Помню: поздняя осень, унылые погребальные дроги еле тащатся по Чернавскому мосту через реку, на новое кладбище. Ветер ледяной, промозглый, пополам с дождем и снегом. Мы хороним поэта Ивана Козлова, умершего от чахотки. Нас всего-то, идущих за гробом, человек пятнадцать. Здесь писатели, журналисты, один критик, поэты. Все замерзли, носы у всех красные, у меня и башмаки промокли, и куртка пронизана ветром насквозь, и шапка моя, сидящая на макушке, не греет. Так и кажется, что дня через три-четыре и меня повезут на таких же дрогах через серую от ноябрьского ветра реку, с закраинами льда, на то же самое кладбище. Не пройдет мне этот печальный день даром… Нудно, холодно, — и не уйти. Что-то сдерживает меня. Я нутром ее чувствую, эту общую свою связь и с умершим, и с мерзнущими провожающими. Все поглядываю, а скоро ли это кончится. Однако лошади едва тащатся, да и дорога не близкая, когда-то подъедем.
А там речи, прощание, комки мерзлой глины на гроб. Возвращение пёхом, через «приспособление для простуд». И учение в школе: ведь я, не сказавшись никому, пропустила занятия. И уроков не делала…
Кто-то читает над гробом стихи умершего. Кто-то, отворачиваясь от ветра, вытирает ладонью слезы. Я смотрю на безжизненно-белое, с желтизною, лицо в скромном, сбитом из досок гробу.
Я видала поэта живым, и читала его стихи, и слушала их в исполнении самого автора, и мне странно: поэты, оказывается, тоже смертны. Они умирают…
Позже, в школе, учительница Катерина Ивановна Вебер сурово допросит меня:
— Ты вчера почему не была на уроках?
— Я была на похоронах.
— Да?! Вот это номер! — Голос у нее меняется, «Кити» — вся волнение. — А кто у вас умер?
— У меня лично из родных никто. Я была на похоронах поэта Ивана Козлова.
— А какое имеешь к нему отношение? Мало ли кто умирает? Не всех же ходить хоронить?..
— Нет, не всех. Он писатель, поэт. Поэтому я и ходила на кладбище.

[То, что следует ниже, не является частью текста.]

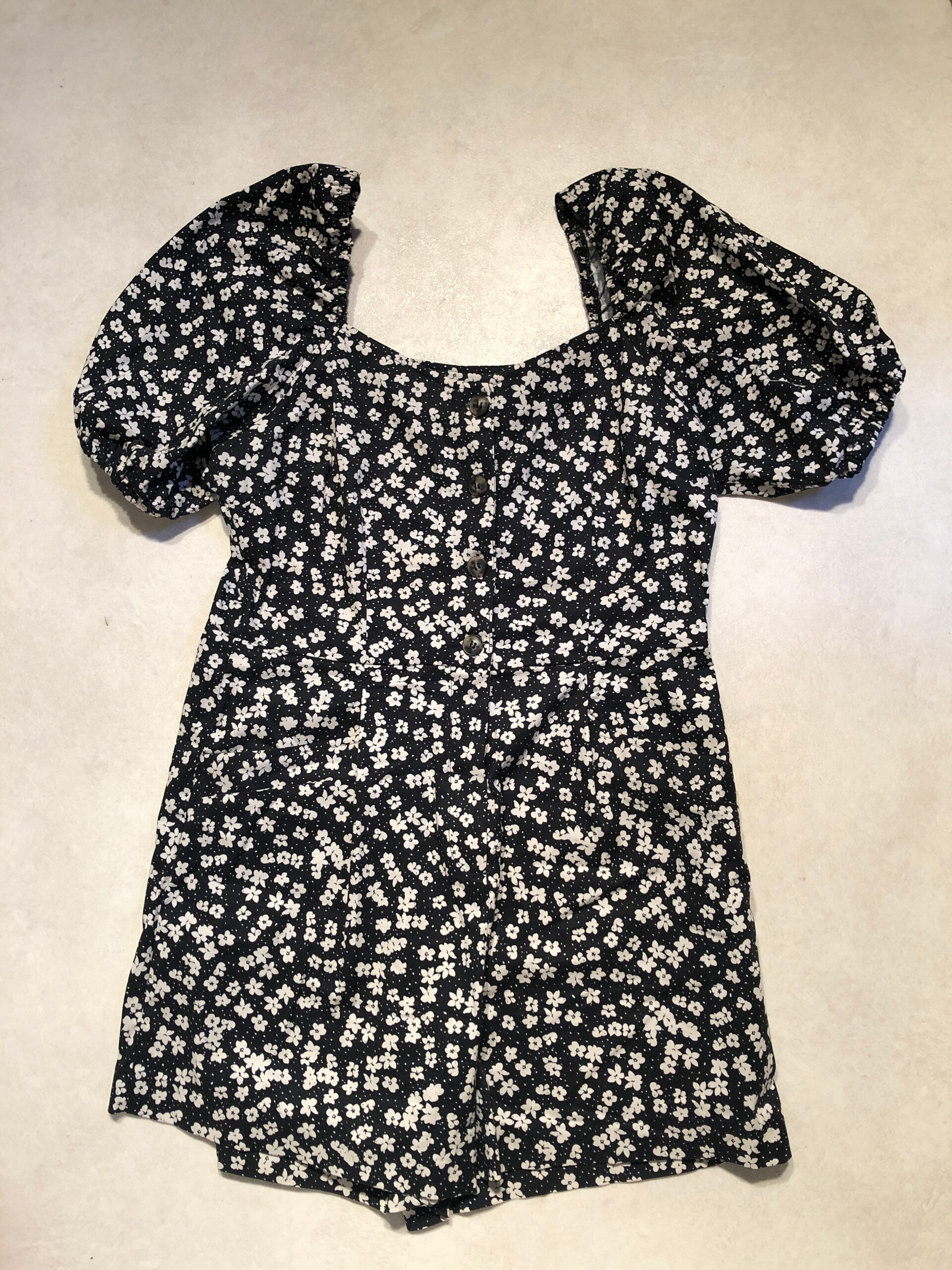 H&M zwart/crème gebloemd jumpsuit met superleuke pofmouwen maat 36
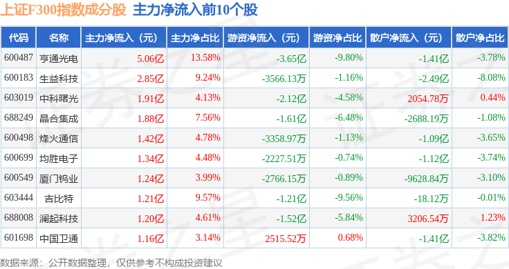 资金流向方面,上证F300(000099)指数成份股当日主力资金净流出合计38.04亿元,游资资金净流出合计5.87亿元,散户资金净流入合计43.91亿元。成份股资金流向详情见下表:
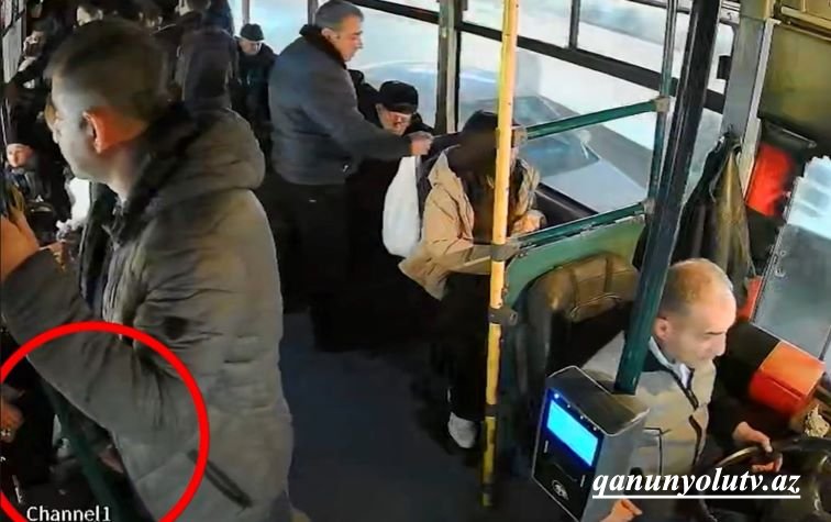 Avtobusda digər sərnişinin pul kisəsini belə ələ keçirdi - Video
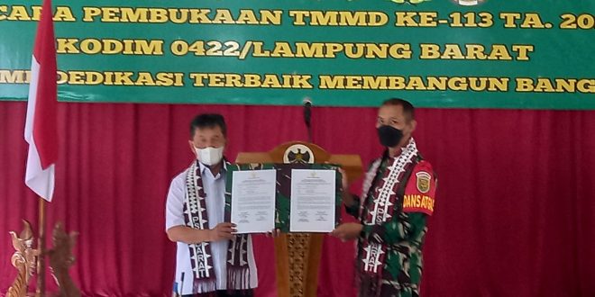 Pesisir Barat (sundalanews.com) – Wakil Bupati Pesisir Barat, A.Zulqoini Syarif membuka program Tentara Manunggal Membangun Desa (TMMD) ke-113 tahun 2022 Kodim 0422/ lampung Barat. Pembukaan dilaksanakan di SMP N 2 Bengkunat, Pekon Suka Maju Kecamatan Ngaras Kabupaten Pesisir Barat Provinsi Lampung, Rabu (11/5/2022).
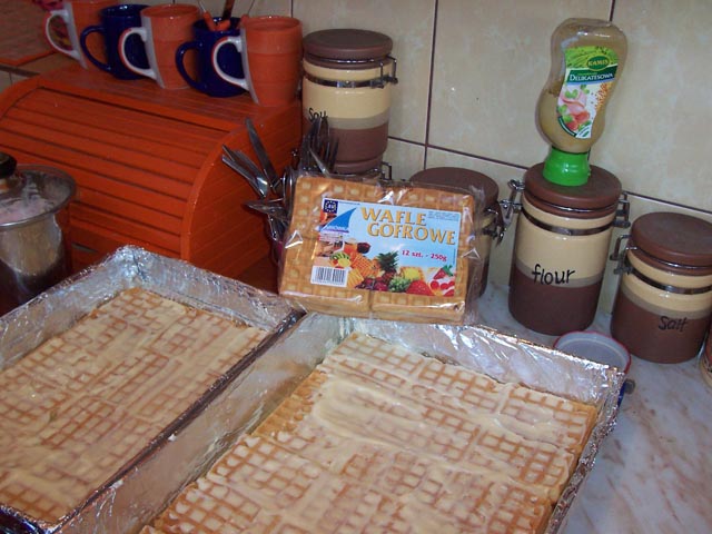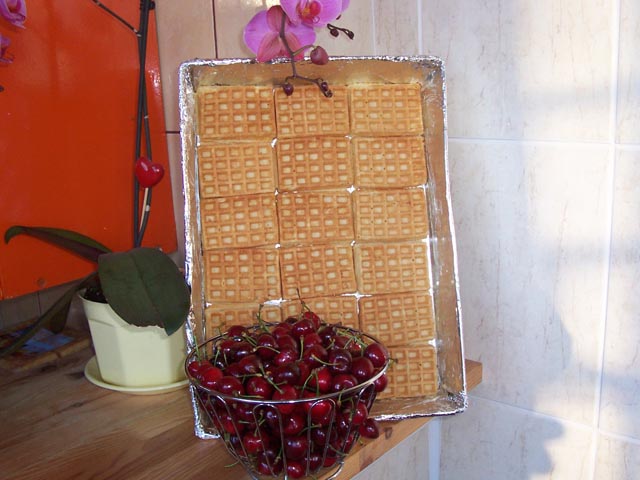 Blachę do pieczenia wykładamy goframi następnie przygotowujemy krem. Pokrywamy kremem gofry znajdujące się na blaszce. Po tej czynności nakładamy kolejną warstwę gofrów. Nakładamy ponownie krem i układamy na nim owoce. Całość zalewamy galaretką. Wkładamy do lodówki. Placek jest gotowa, gdy galaretka zastygnie w lodówce. Smacznego
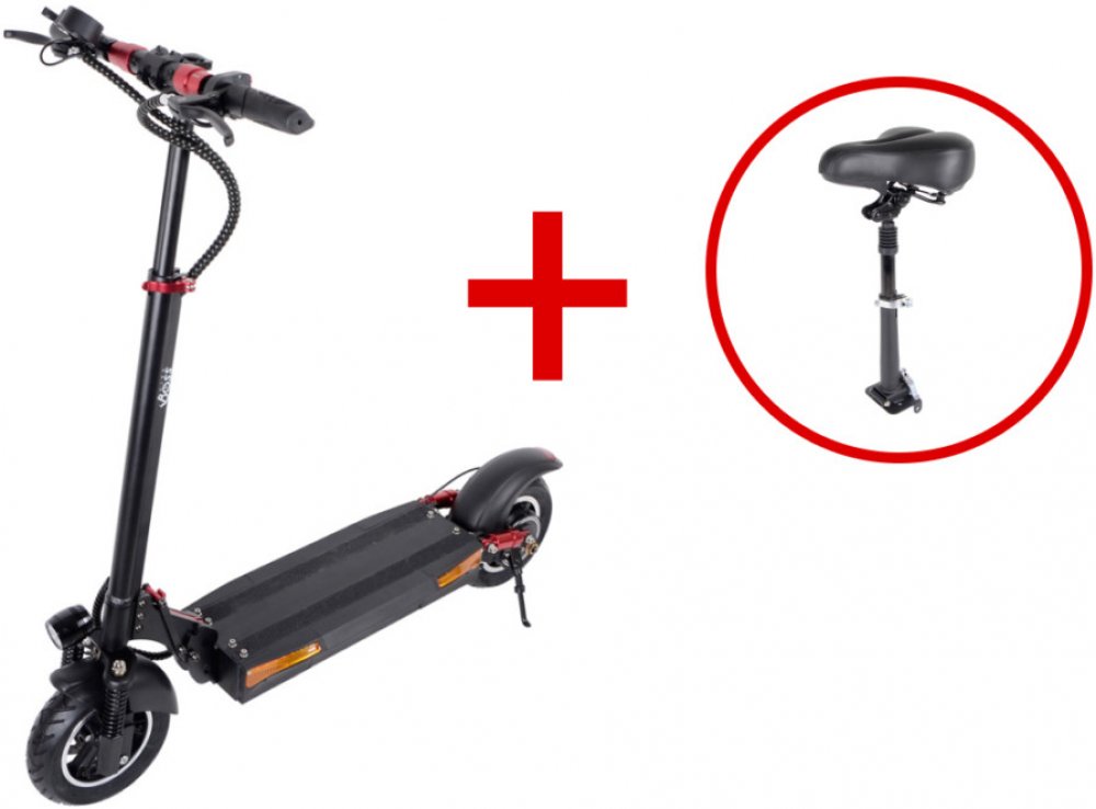 Koloběžku lze volitelně vybavit i skládacím sedlem.
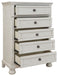 Elegant, timeless furnishings take your bedroom to the next level. Nothing does that better than this chest of drawers. The antiqued white finish with a wonderful grain texture radiates sophistication, while dark bronze-tone knobs add an ornate touch. Felt finishing in the upper drawers rounds out this tasteful piece.
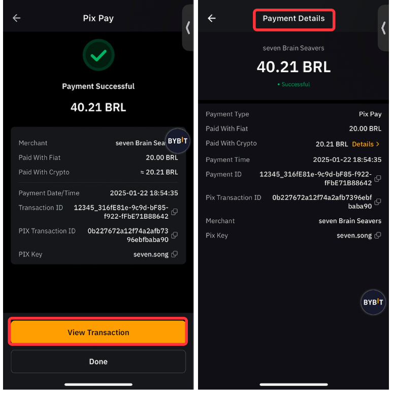 Todo el historial de transacciones, incluido PIX Pay con una Bybit Card y Bybit Pay, se registrará en el historial de transacciones de Bybit Pay.

— Записываю пропуск без уважительных причин. Завтра вызовешь мать.
— Хорошо, — пожимаю плечами, сажусь.
Как ей объяснить, что поэт для меня куда ближе, дороже самых близких родных!
Это первая двойственность, когда некоторые взрослые не понимают меня. Но есть двойственность и другая, когда я не понимаю некоторых взрослых. Например, своих новых друзей, журналистов Костю Гусева, Юру Зевина и других…
Я люблю танцевать.
Я могу танцевать целый вечер, часов с шести вечера и до двух-трех ночи. Площадка в Студенческом саду, где хриплое радио разносит вот уже сколько лет один и тот же томящий мотив:
«Двери балконов забиты,
Значит, кончилось лето… Утомлен… утомлен… утомленное солнце
Нежно с мо… нежно с мо… рем проща-алось… В этот
час ты призна-а-алась, что нет-ет любви-ии»… — отнимает у меня все свободное время.
Ветер с реки шумит в старых кронах огромных вязов. Танцплощадка висит над обрывом. Пары кружатся, отдыхающие от «телодвижений» сидят на скамейке, протянувшейся вдоль балюстрады. И я тоже сижу. Вот танцует одна чудесная пара, по-моему, он рабочий, у него небольшие, но крепкие руки, он сильный и ладный, хотя ростом не очень высок; она тоненькая, изящная, всегда скромно одета, в какой-нибудь тонкой кофточке, облегающей юную, молодую фигуру.